Ciência13 de set. de 2024
Ciclismo para corredores: como pode melhorar o seu desempenho?
Dos sprints aos treinos de resistência, o ciclismo oferece treinos variados para reforçar diferentes aspetos do seu desempenho na corrida.
Pedalar melhora o desempenho na corrida sem o impacto: constrói aptidão aeróbia, fortalece as pernas e acrescenta volume de treino poupando as articulações. Treinos como sprints máximos, subidas, intervalos longos e treinos de resistência complementam a corrida, e as sessões REHIT curtas aumentam o VO2max de forma eficiente para quem tem pouco tempo.
Qualquer triatleta profissional lhe dirá: pedalar e correr são altamente complementares. Ambos são um treino de cardio intenso que envolve músculos semelhantes e ajuda a melhorar a velocidade, o VO2max e a resistência. Ao contrário da corrida, porém, pedalar é um exercício de baixo impacto, o que faz dele uma opção ideal de treino cruzado para corredores que querem melhorar o desempenho sem sobrecarregar as articulações.
Porque é que os corredores devem pedalar
Pedalar beneficia os corredores de 2 formas essenciais: ajuda na recuperação e melhora o desempenho global.
Por exemplo, uma sessão de baixa intensidade na ciclismo em Zona 2 no dia seguinte a uma corrida dura elimina o ácido láctico dos músculos das pernas e promove uma recuperação mais rápida. Durante a reabilitação, um treino de ciclismo de baixo impacto ajuda a reduzir o tempo de recuperação de uma lesão sem sobrecarregar as articulações.
Integrar treinos de ciclismo intensos no programa permite trabalhar diferentes aspetos do seu potencial como corredor. As subidas constroem força, os sprints máximos curtos e os treinos fora do selim disparam a frequência cardíaca e aumentam a velocidade, e os treinos longos e constantes melhoram a resistência. Complementar a rotina de corrida com estes tipos de treino em bicicleta ajuda-o a ultrapassar patamares de estagnação e a ganhar mais potência.
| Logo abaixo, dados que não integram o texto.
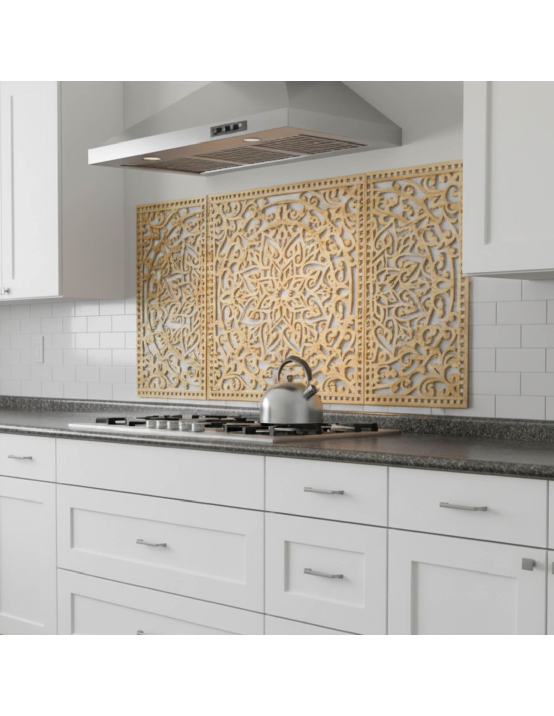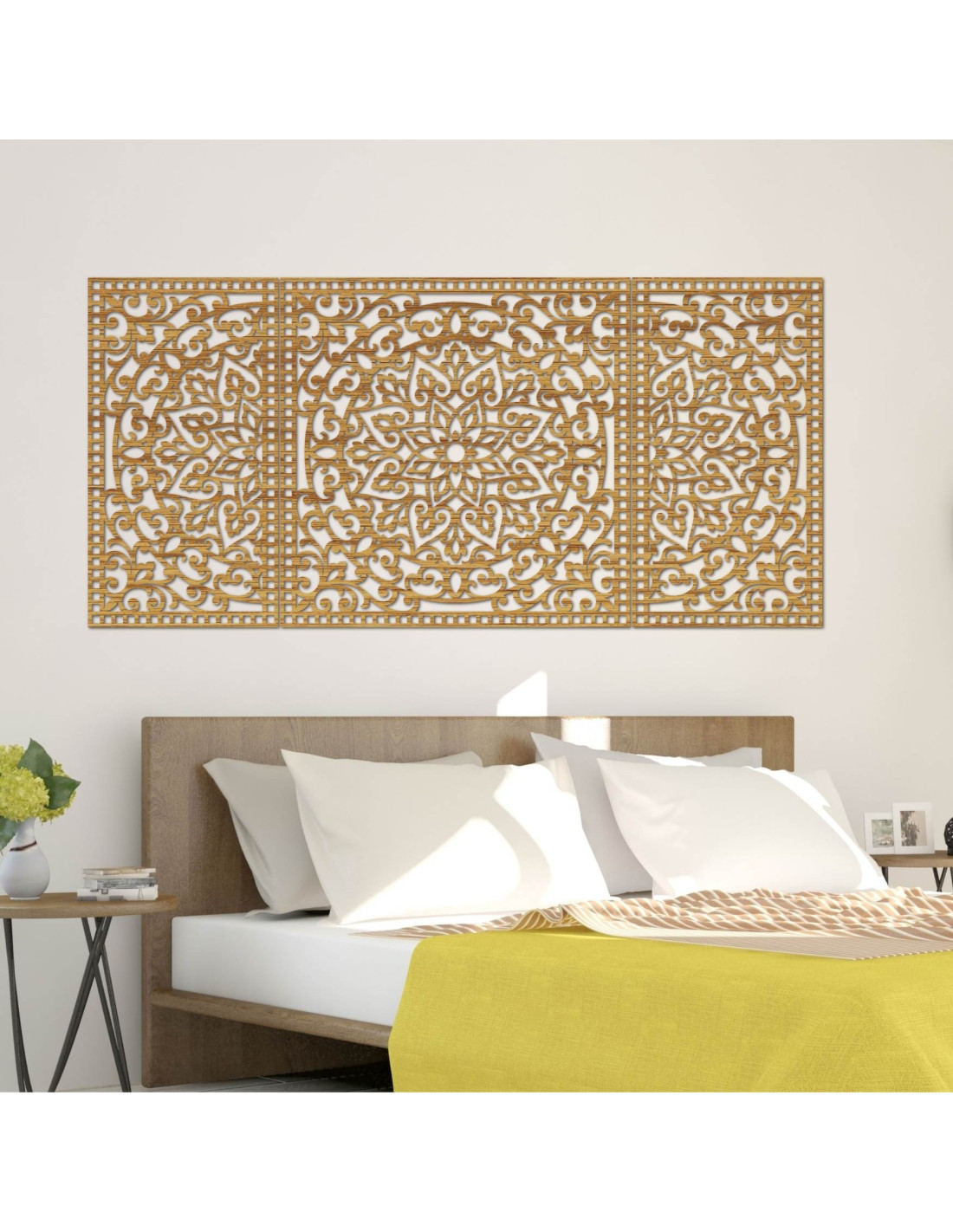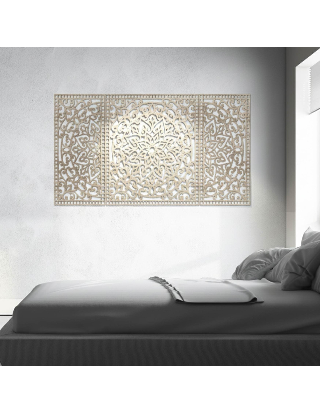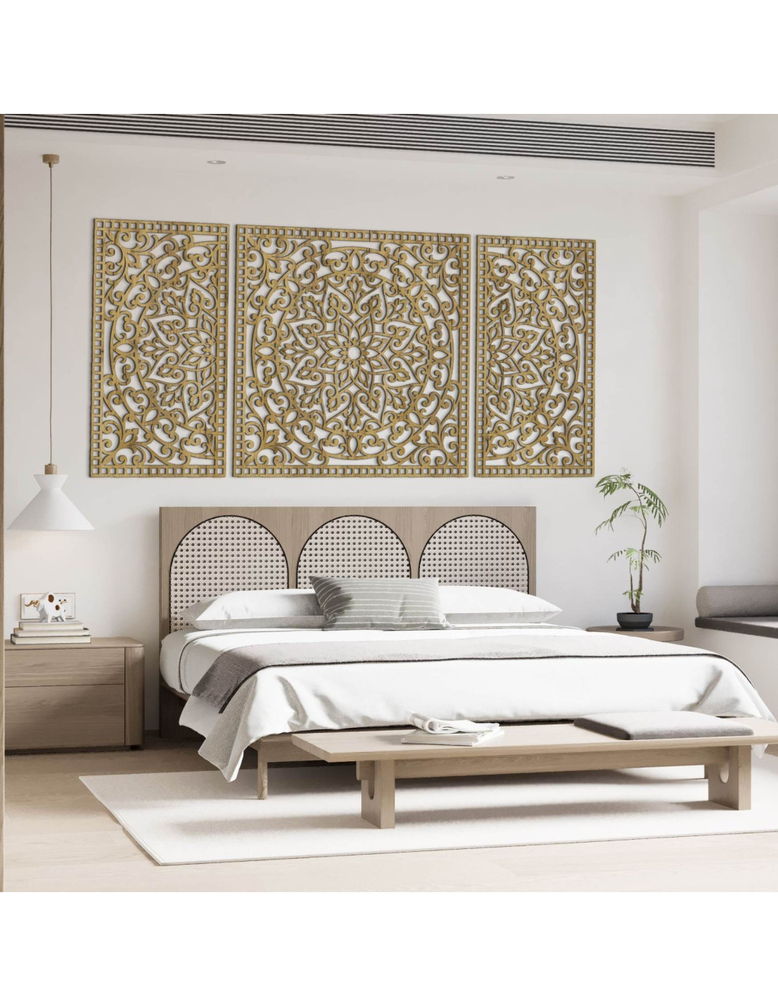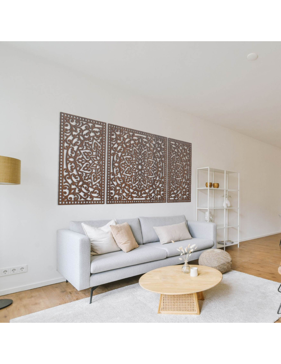 Ez az elegáns, háromrészes mandala a hagyományos díszítő mintákat modern stílussal ötvözi. Minden darab precízen kivágott HDF lapból, így biztosítva az éles és jellegzetes részleteket.

Correr e pedalar ativam grupos musculares semelhantes, mas com intensidades e formas distintas. Correr envolve o corpo todo com movimentos excêntricos e concêntricos, o que impõe uma carga significativa às articulações e à coluna. Pedalar, por seu lado, assenta sobretudo em movimentos concêntricos, o que reduz o impacto ao mesmo tempo que trabalha intensamente o quadríceps, os glúteos e o core. Isso faz dele um excelente complemento à rotina de corrida.
Pedalar melhora o desempenho na corrida sem risco de lesão
Correr, sobretudo longas distâncias, pressiona os joelhos e as articulações, o que aumenta o risco de lesão. Os estudos mostram que o ciclismo de alta intensidade é uma forma eficaz de os corredores aumentarem o volume de treino limitando as potenciais lesões por uso excessivo. Isso é particularmente importante para quem começa a correr e pode não ter a resistência nem o historial de treino para aguentar treinos de alto impacto frequentes.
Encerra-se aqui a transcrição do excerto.